*** Opening PROVIDED DATA ***
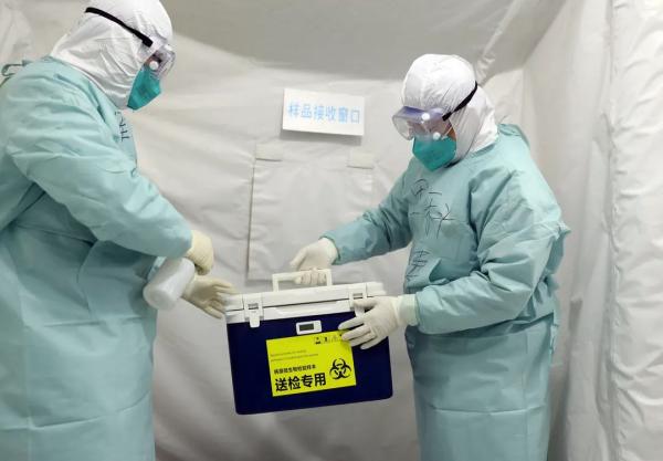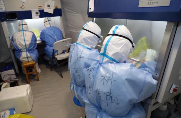 武汉一线,科研人员在帐篷式移动实验室做实验 邵龙飞 摄
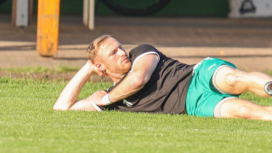 Danny Lutz bei der Gymnastik. Der Angreifer des VfR baumholder hat seine Muskelverletzung überwunden und könnte beim Top-Spiel bei Tabellenführer SC Hauenstein zum Einsatz kommen. Stefan Ding
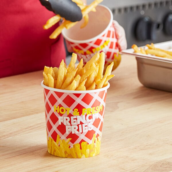 With its classic round shape and 16 oz. capacity, this Choice french fry cup makes an excellent addition to your fast food restaurant or stadium. Featuring a bold red background with eye-catching french fry graphics, this cup is a great way to display and serve your popular fries. For compact storage and quick retrieval, simply stack multiple cups!
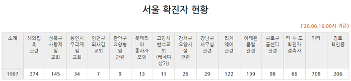 ▲ 16일 0시 기준 코로나19 서울 확진자 현황. [출처= 서울시] |
*** Closing PROVIDED DATA ***
REQUIREMENT: Extract, word for word, every line from the one holding "With its classic" through the closing line of the data above. Do not include any pictures.

RESPONSE TO THE EXERCISE:
 With its classic round shape and 16 oz. capacity, this Choice french fry cup makes an excellent addition to your fast food restaurant or stadium. Featuring a bold red background with eye-catching french fry graphics, this cup is a great way to display and serve your popular fries. For compact storage and quick retrieval, simply stack multiple cups!
 ▲ 16일 0시 기준 코로나19 서울 확진자 현황. [출처= 서울시] |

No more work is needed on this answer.